Katelyn frunció aún más el ceño mientras observaba a Neil luchar. No podía entender por qué su salud había empeorado tan drásticamente. Su voz se mantuvo tranquila, a pesar de las preguntas que se arremolinaban en su mente.
—Eso no es asunto tuyo. El Grupo Wheeler ahora me pertenece a mí, no a ti.
El cuerpo de Neil se puso rígido y la poca energía que le quedaba pareció agotarse. Se desplomó sobre la cama del hospital, con el rostro marcado por la resignación.
—Lo entiendo. Haz lo que quieras. No volveré a interferir. Pero el momento pasó y otro violento ataque de tos se apoderó de él, con el pecho agitado como si fuera a expulsar un pulmón.
Katelyn no se entretuvo. Dio media vuelta y salió de la habitación, dirigiéndose directamente al despacho del médico que atendía a Neil.
El doctor Brayan Wallace se levantó en cuanto ella entró y la saludó cordialmente.
—Por Hades, ¿qué te trae por aquí?
En este hospital, Katelyn era respetada como una brillante cirujana.

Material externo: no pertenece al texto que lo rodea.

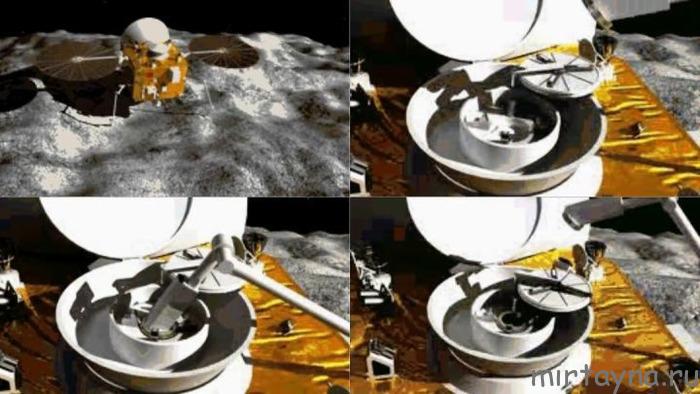 «Тяньвэнь-2» во время сбора образцов грунта, иллюстрация. Увы, лучшего качества найти не удалось. Credit: CNSA/CAST.

Aunque su identidad se mantenía en secreto, quienes habían trabajado con ella durante las operaciones la reconocían fácilmente. Habían aprendido mucho de ella durante esas operaciones y la tenían en gran estima.

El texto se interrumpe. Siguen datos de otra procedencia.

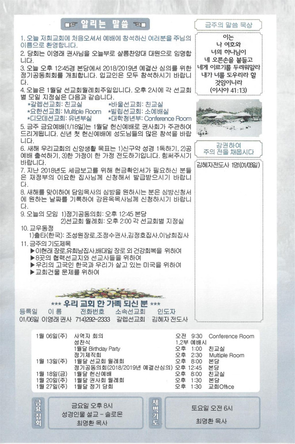 01/13/19 주일 교회 소식 페이지 정보 작성자 댓글 0건 조회 2,846회 작성일 19-01-12 10:03 목록 본문 이전글01/20/19 주일 교회 소식 19.01.19 다음글01/06/19 주일 교회 소식 19.01.05 댓글 0 댓글목록 등록된 댓글이 없습니다. 목록

Sin preámbulos, Katelyn fue directa al grano.
—Necesito ver el historial médico de Neil. —Sentía que algo no iba bien.
Al oír el nombre de Neil, Brayan dudó y luego suspiró profundamente.
—El Sr. Wheeler nos pidió expresamente que no se lo mostráramos. —La miró a los ojos, conflictivo, pero continuó—. Si insiste, se lo mostraré. Pero debe estar preparada.
Brayan conocía su pasado con Neil y le preocupaba cómo reaccionaría ella. A pesar de su complicado divorcio, dudaba que ella fuera indiferente al estado actual de Neil, dado lo cerca que estaba de la muerte. Al fin y al cabo, Neil era alguien a quien ella había amado.
La expresión de Katelyn no vaciló.
—Está bien. Muéstremelas.
Su curiosidad se despertó. ¿Por qué Neil la había mantenido deliberadamente en la ignorancia? ¿Qué estaba ocultando?
Brayan le entregó el expediente y Katelyn lo hojeó rápidamente. Los resultados de las pruebas y los datos eran innegables: Neil se estaba muriendo. Sus manos se congelaron momentáneamente mientras procesaba la información.
¿Cómo podía ser? La última vez que lo había examinado, no mostraba signos de problemas de salud graves. Pero ahora, su sangre estaba plagada de múltiples virus, un ataque que ningún cuerpo humano podría soportar. Iba a morir. ¿Podía su sangre haberse deteriorado tan drásticamente en solo unos días?